L’isolement des enseignants

Tout concoure aujourd’hui à isoler l’enseignant. Pourtant, l’exercice solitaire du métier enseignant a montré ses limites face aux difficultés d’exercice du métier enseignant (gestion de la classe, prise en compte de la diversité des élèves…).

Cet isolement des enseignants par rapport à l’Institution éducation nationale, il est symbolisé par deux épisodes récents :

Avec le démantèlement des IUFM, les futurs enseignants se retrouvent isolés dans leur master universitaire et dans leurs établissements de nomination. Cette situation peut risquer d’amener à la disparition chez ces nouveaux enseignants, du sentiment commun d’appartenance à un service public reposant sur les valeurs de la République, élément fort d’une solidarité de corps qui sans doute, gène certains au ministère

.Les conditions de déroulement des élections professionnelles : seul (e ) devant son ordinateur et non dans le cadre convivial d’un bureau de vote contribue également à renforcer l’individuel par rapport au collectif. Là encore, ce n’est sans doute pas un hasard. !

Redonner du sens au métier enseignant

Il s’agit aujourd’hui de redonner du sens au métier enseignant, de la fierté et du bonheur d’enseigner, de permettre aux enseignants de reprendre la main sur le métier.
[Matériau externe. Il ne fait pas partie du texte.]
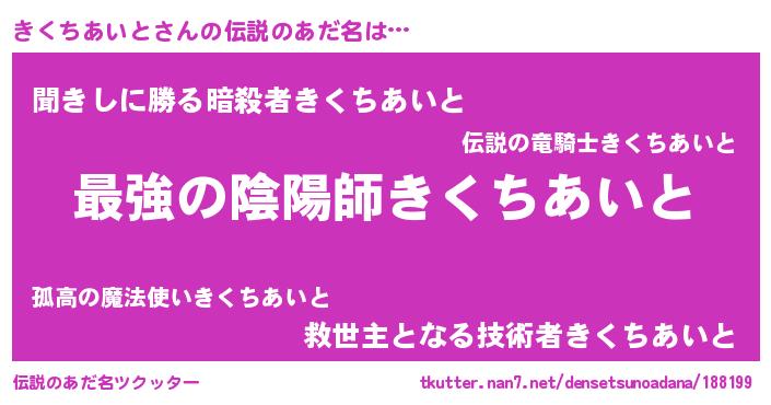 | 男性向けラノベタイトル風あだ名 | 『きくちあいと~年齢イコール彼女いない歴の魔法使い~』 |
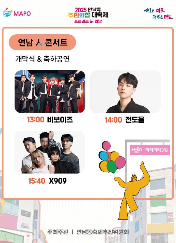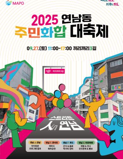 주민 간 교류와 소통을 촉진하고, 지역 공동체 형성을 지원하는 목적을 가지고 있는 2025 연남동 주민화합 대축제가 2025년 9월 27일 연남동 끼리끼리3길 일원에서 개최합니다.
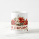 Feliz Pai de Natal Mug. Uma fita colorido creme com o texto: Feliz Pai de Natal com decoração aquosa de Poinsettias brancas e vermelhas, groselhas e folhagem. Opcional para Personalizar o texto. Este é um presente de Natal perfeito com floral de inverno eterno que ele pode usar ano após ano. Dê ao seu pai uma caneca favorita para a temporada de Férias.
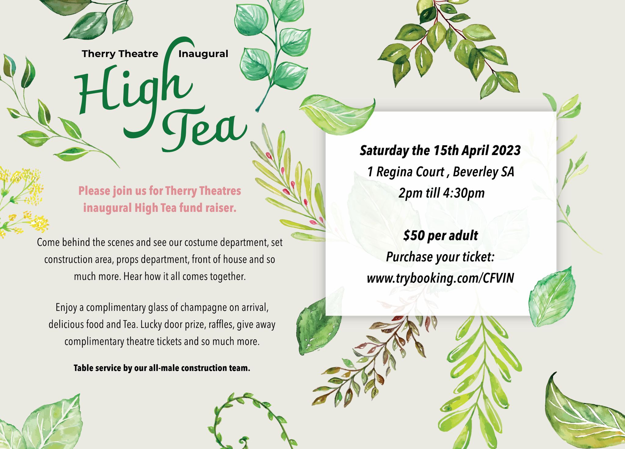 Therry is holding a High Tea fundraising event – Behind The Scenes. Why is it different? This function is being organised and hosted by Therry’s (all-male) set construction team. It’s being held at Therry’s Beverley clubrooms on Saturday,15 April from 2-4pm. In addition to tasty savoury and sweet morsels, real brewed tea – or coffee if you insist – it’s a rare opportunity to come behind the scenes and see where and how shows are created. Hear from our people about their involvement in set design and construction, creating costumes, working front of house, ticketing and more.
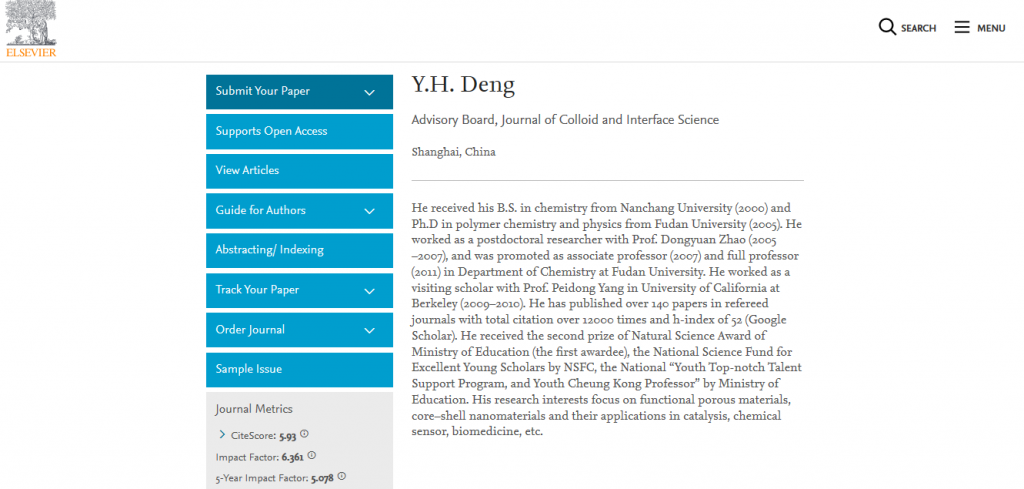 2019. 07. 25: 热烈祝贺邓勇辉教授被遴选成为 Journal of Colloid and Interface Science 期刊的编委!链接
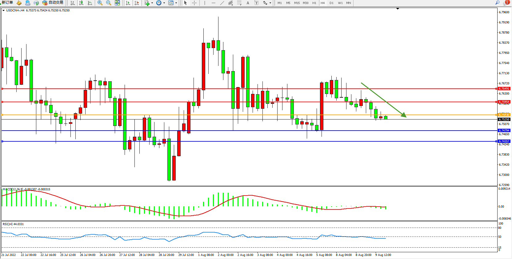 交易策略:6.75430下方看跌,目标6.74794、6.74357
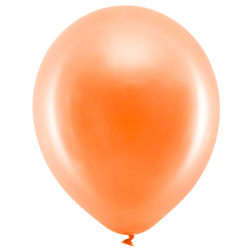Rainbow Latexballonger Metallic Orange omfattar 10 stycken metallic latexballonger i orange. Ballongerna fylls med luft eller helium och mäter ca 30 cm i diameter.
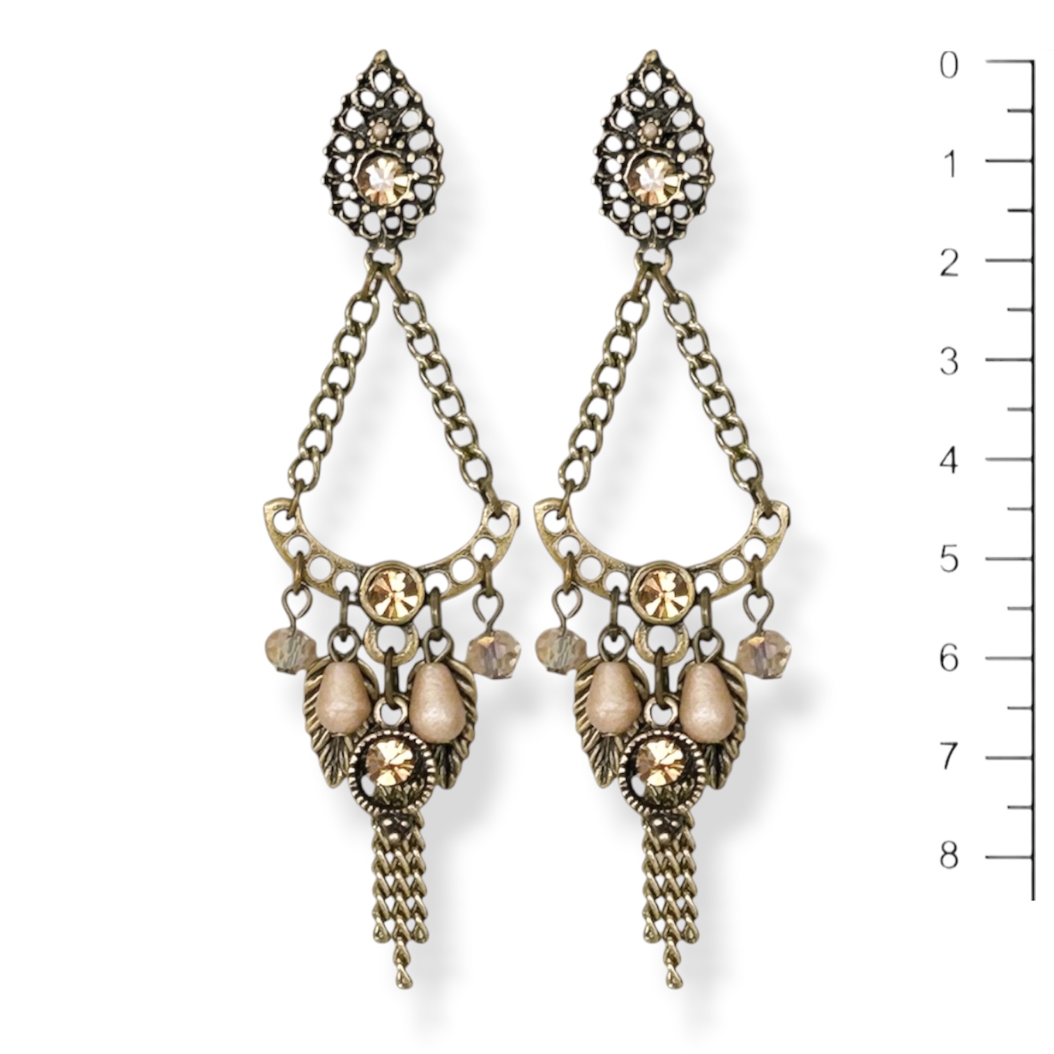 Brinco arco c/ correntes, folhinhas e ptos de luz bege e dourado - 12823
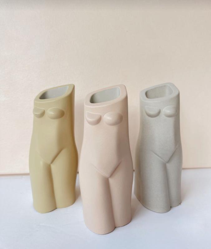 Ваза декоративная из гипса . Настоящая находка для перфекциониста и минималиста. Украсит ваш интерьер, идеально подходит для сухоцветов. Размеры : высота 13 см, диаметр 6 см , глубина 10 см Цвет : розовый, серый , горчичный Цвет изделия может немного отличаться от фото
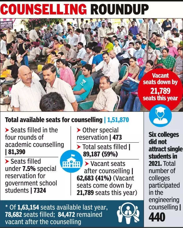 CHENNAI: After five years of downward trend, engineering colleges witnessed a good admission season this year. After four rounds of online counseling, 89,187 seats (59%) have been filled, which is 13% more compared to the previous year. The number of vacant seats also came down by more than 21,000 to 62,683.
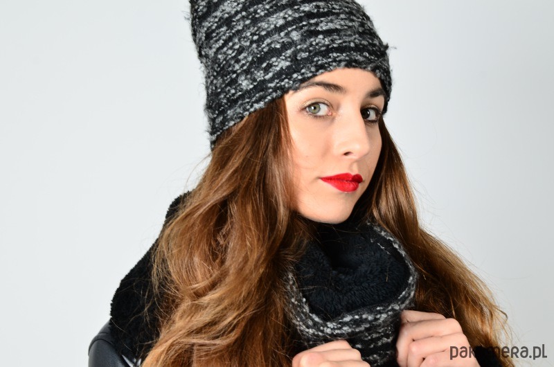 Czapka wykonana z dzianiny; podwójna. W połączeniu z kominem, tworzy idealny dodatek do różnych stylizacji.
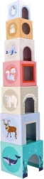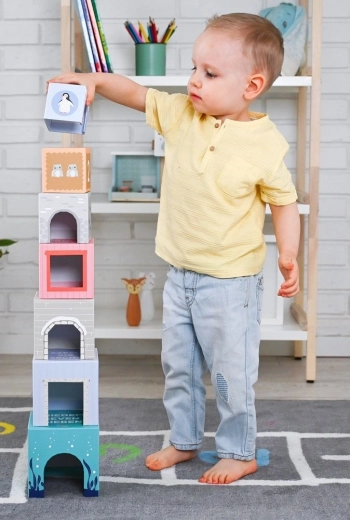 At bygge tårne af dele i forskellige størrelser er en tidløs leg, som både underholder og lærer børn. Denne pyramide kombinerer kraftig pap og træ, har glatte kanter og er fremstillet af nietoksiske, sikre materialer med CE-overensstemmelse – et ideelt valg til det første byggesæt.
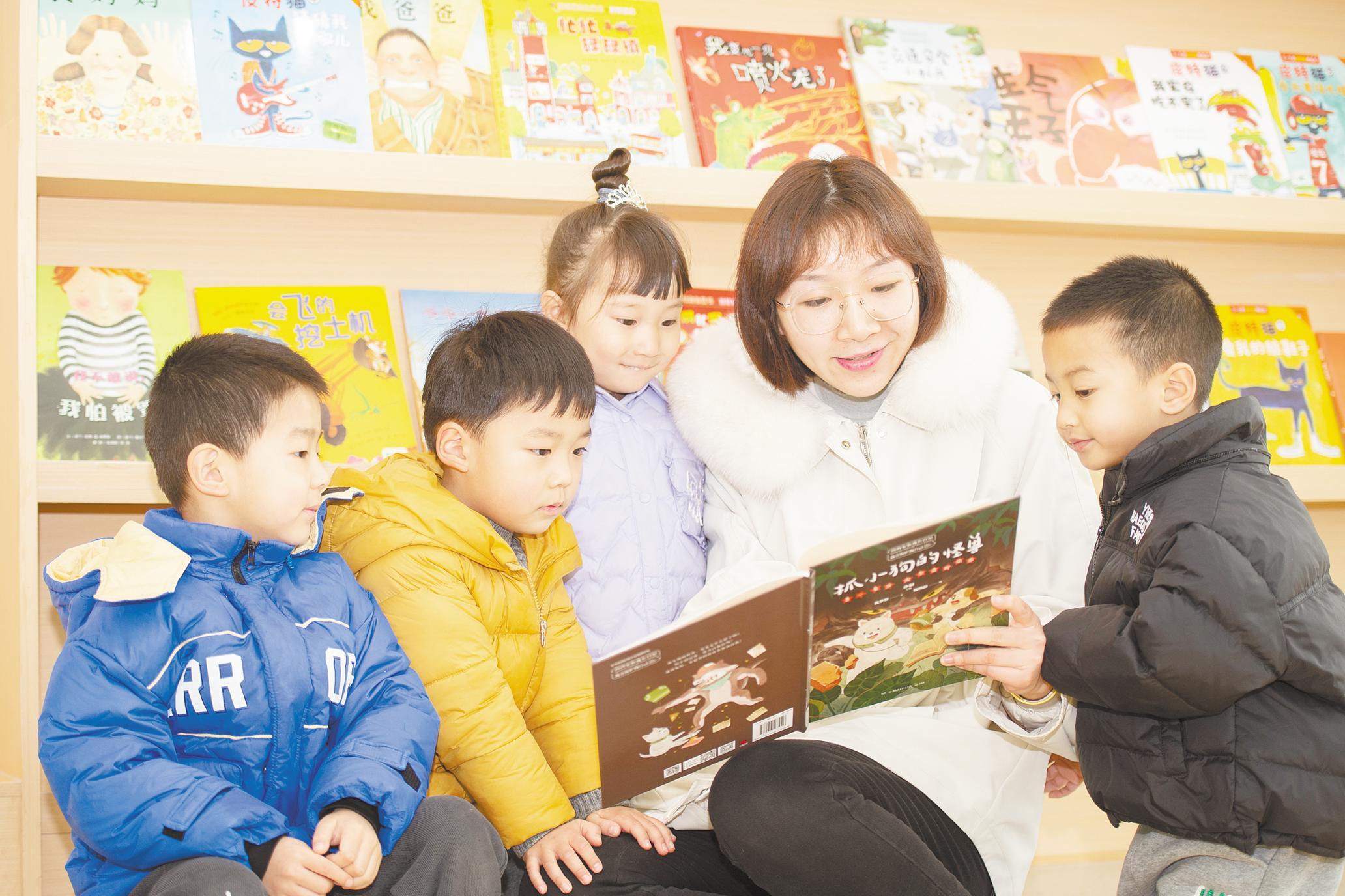 2月10日,在武汉市青山区第二幼儿园青山樽园的图书角,中班孩子们围在老师身边看故事书。
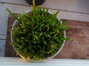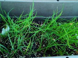 左: 猫草の実験中。小さな鉢で根詰まりを起こして先が黄色くなった燕麦です。今日、鉢増しをします。先っちょの黄色い部分は鋏でチョキン、と切りました。

Il semble indispensable dans les politiques de gouvernance pédagogique indispensables à notre système éducatif :

– d’en finir avec le fonctionnement « taylorien » des établissements

– de redonner toute sa place à la pédagogie, au projet collectif à tous les niveaux d’enseignement

– de permettre à chacun de se réapproprier l’ensemble des composantes de l’exercice de son métier

– d’en finir avec « l’évaluationnite » aigüe permanente

– de s’épauler mutuellement avec les familles et les autres adultes de l’établissement

C’est en permettant aux enseignants d’exercer mieux leur métier qu’on pourra transformer et améliorer notre système scolaire et permettre une réussite de tous les élèves. En un mot, le meilleur anti-stress concernant les personnels de l’éducation nationale, c’est que l’institution, les autorités, la hiérarchie fassent confiance aux personnels. Construire un climat de confiance avec tous les enseignants et non un climat de défiance basé sur la suspicion permanente est décisif.

Cela nécessite que la Nation donne de réelles preuves de confiance et de reconnaissance au corps enseignant, qu’elle passe un véritable contrat clair avec eux sur leurs missions, les objectifs qui leur sont assignés, et les moyens, notamment en formation continuée qui sont mis à leur disposition.